╭─ Listed records
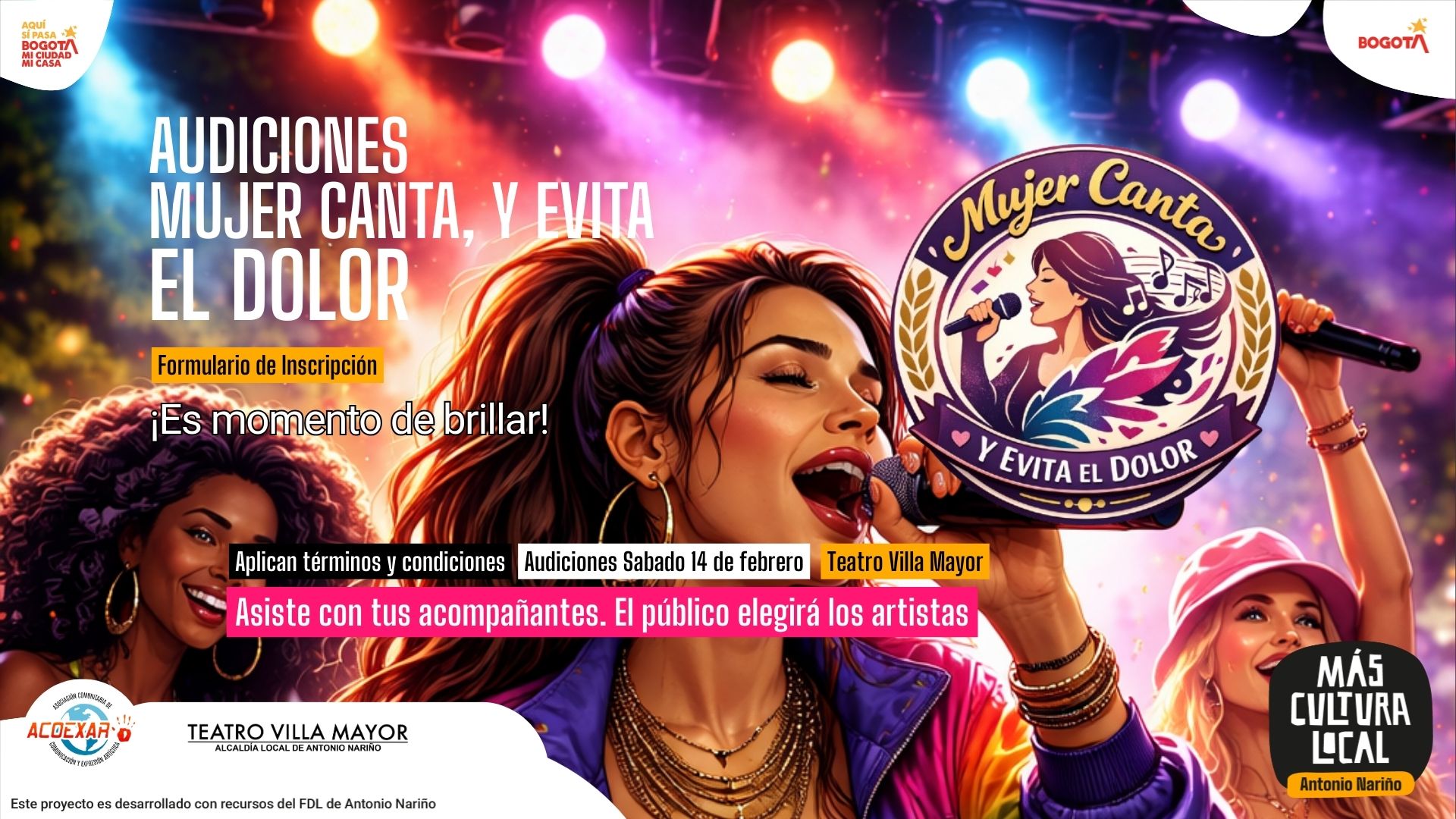 Una jornada cargada de talento, música y expresión artística se vivirá este sábado 14 de febrero desde las 2:00 de la tarde, cuando el Teatro Villa Mayor, ubicado en la localidad de Antonio Nariño, abra sus puertas para una audición pública de artistas urbanos, en el marco del proceso cultural “Mujer Canta y Evita el Dolor”.
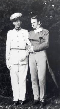 Plåtslagare Bertil Bobert och hans hustru Greta vid Vallentuna kyrka
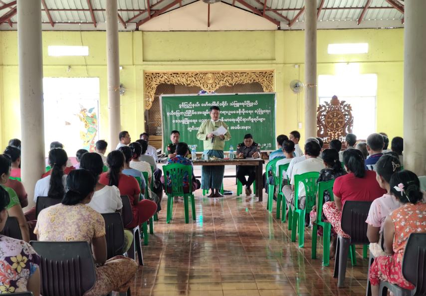ဦးစွာ မြို့နယ်စီမံခန့်ခွဲရေးနှင့်အုပ်ချုပ်ရေးကော်မတီဥက္ကဋ္ဌဦးအောင်မိုးလွင်က ပါတီစုံဒီမိုကရေစီအထွေထွေရွေးကောက်ပွဲနှင့်ပတ်သက်၍ သိမှတ်ဖွယ်ရာများပြောကြားခြင်း၊ အဖွဲ့ဝင်ဗိုလ်မှူးသက်ထွန်းဦးမှ ပြည်သူ့စစ်မှုထမ်းဥပဒေနှင့်ပတ်သက်၍ပြောကြားခြင်း၊ မြို့နယ်ရဲတပ်ဖွဲ့မှူးရဲမှူးမိုးမြင့်မှ အကြမ်းမှုတိုက်ဖျက်ရေးနှင့်ရွေးကောက်ပွဲနှင့်ပတ်သက်၍ အသိပညာပေးခြင့်နှင့် ဥပဒေဆိုင်ရာပြစ်မှု/ပြစ်ဒဏ်များအား ချပြရှင်းလင်းခြင်း၊ လိုင်စင်မဲ့မော်တော်ယာဉ်/မော်တော်ဆိုင်ကယ်များမောင်နှင် ဖမ်းဆီးမှုနှင့်ပတ်သက်၍ချပြရှင်းလင်းခြင်း၊ မြို့နယ်ဆည်မြောင်းဦးစီးမှူးဦးရွှေဝင်းက ရေရရှိရေး ချပြရှင်းလင်းပြောကြားရာ တက်ရောက်လာသူများမှ သိရှိလိုသည်များကိုမေးမြန်းရာ တာဝန်ရှိသူမှပြန်လည်ရှင်းလင်းပြောကြားခဲ့ကြကြောင်း သိရသည်။
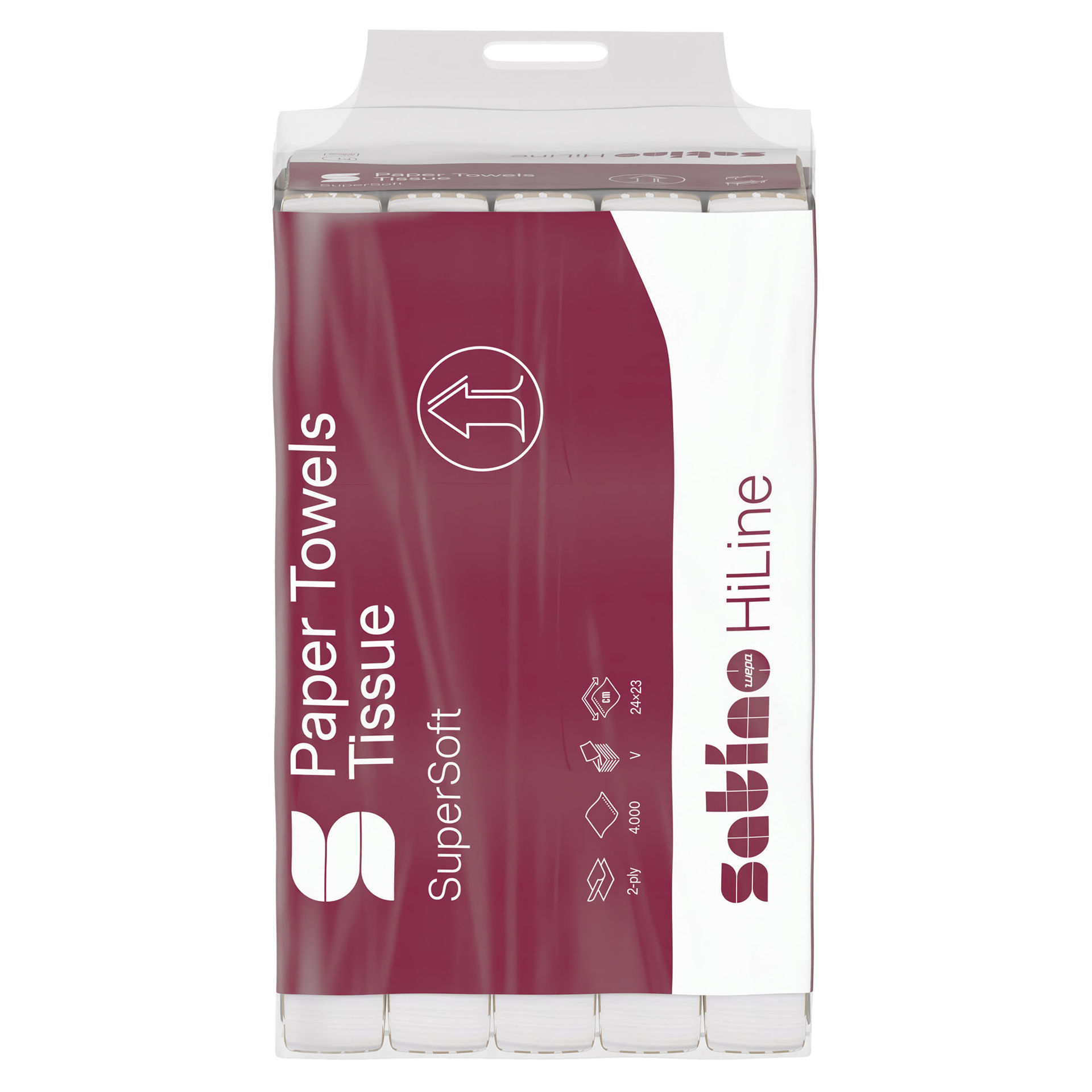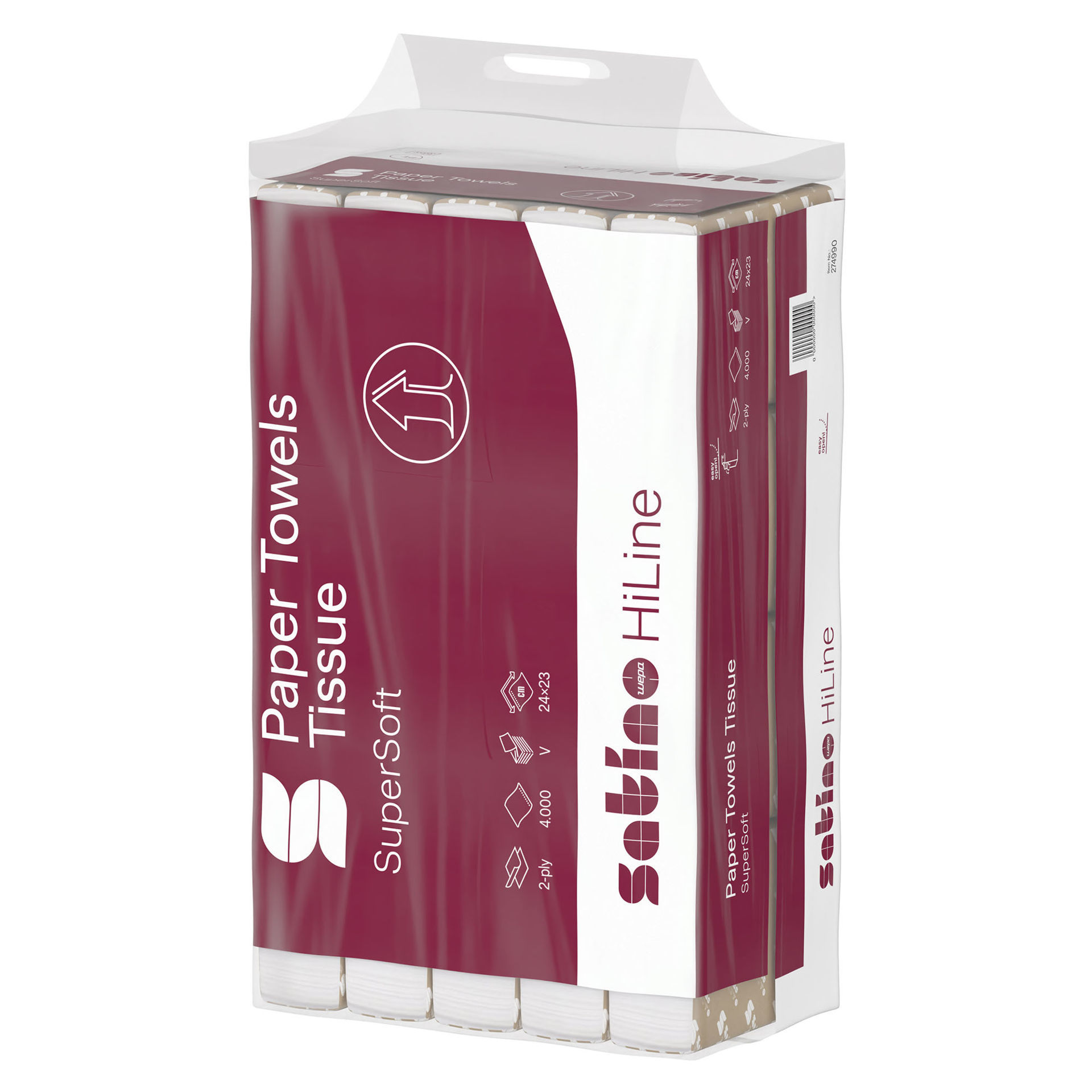 Het Satino HiLine 24x23 2-laags V-vouw handdoekpapier overtuigt door hoge kwaliteit, betrouwbare absorptie en een aangename haptiek. Binnen de HiLine-lijn staat hoogwaardige cellulose centraal, met een helderwitte uitstraling die perfect past in verzorgde en professionele sanitaire ruimtes.
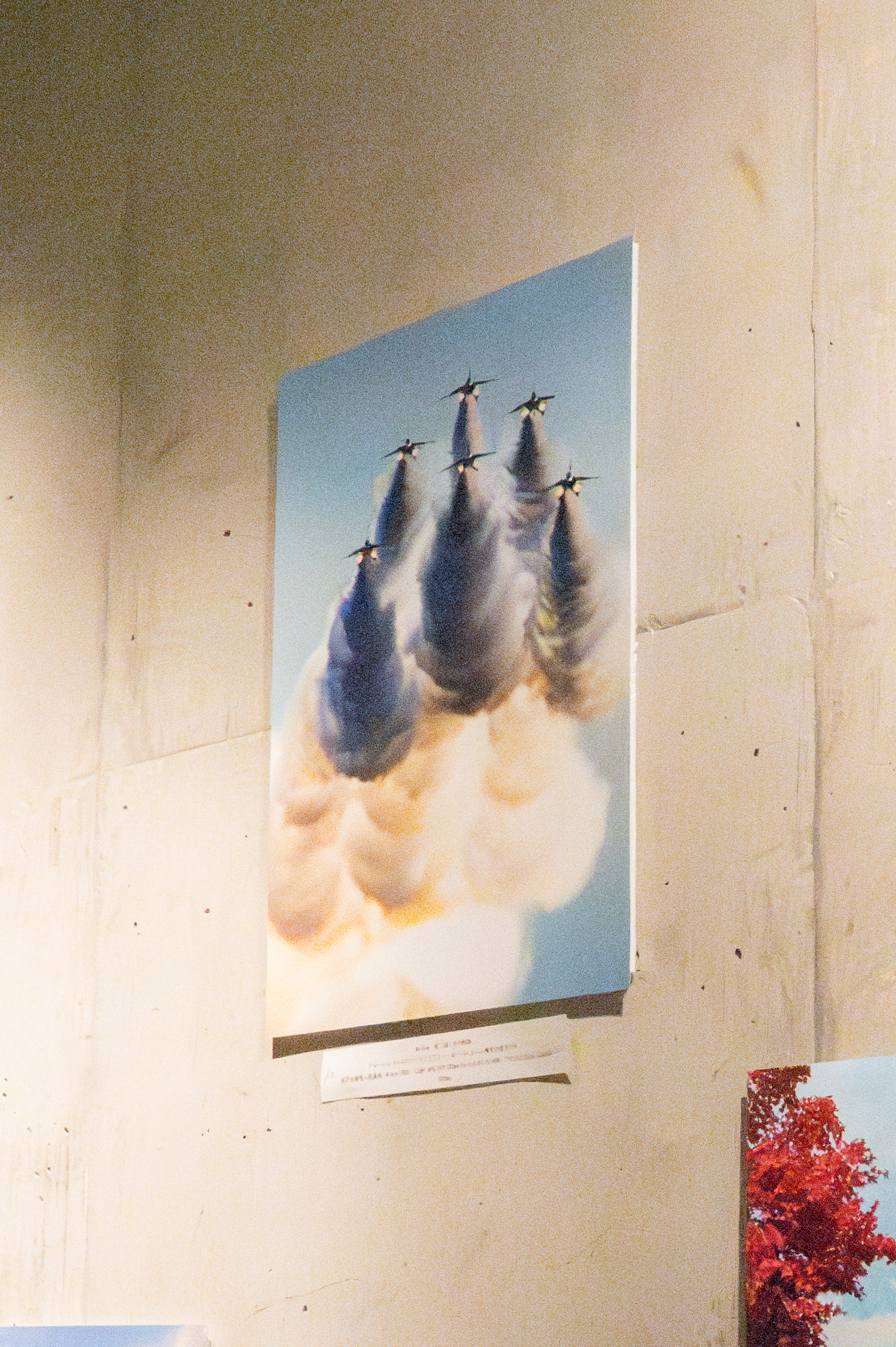A. 私の場合は、ブルーインパルスが自宅の近くを飛んだときに撮影した写真を展示しました。特に難しかったのは雲の描写です。空や雲の色の微妙な違いを写真でうまく表現することが思った以上に難しくて、何度も撮影や現像を試みました。光の加減や雲の形、背景の建物とのバランスなど、細かい部分にこだわりながら仕上げました。
╰─
§ **Task brief**
Copy exactly what appears in the entries, beginning with the first line and ending with the line that has "Plåtslagare Bertil Bobert", but not the pictures.

§ **Exercise output**
 Una jornada cargada de talento, música y expresión artística se vivirá este sábado 14 de febrero desde las 2:00 de la tarde, cuando el Teatro Villa Mayor, ubicado en la localidad de Antonio Nariño, abra sus puertas para una audición pública de artistas urbanos, en el marco del proceso cultural “Mujer Canta y Evita el Dolor”.
 Plåtslagare Bertil Bobert och hans hustru Greta vid Vallentuna kyrka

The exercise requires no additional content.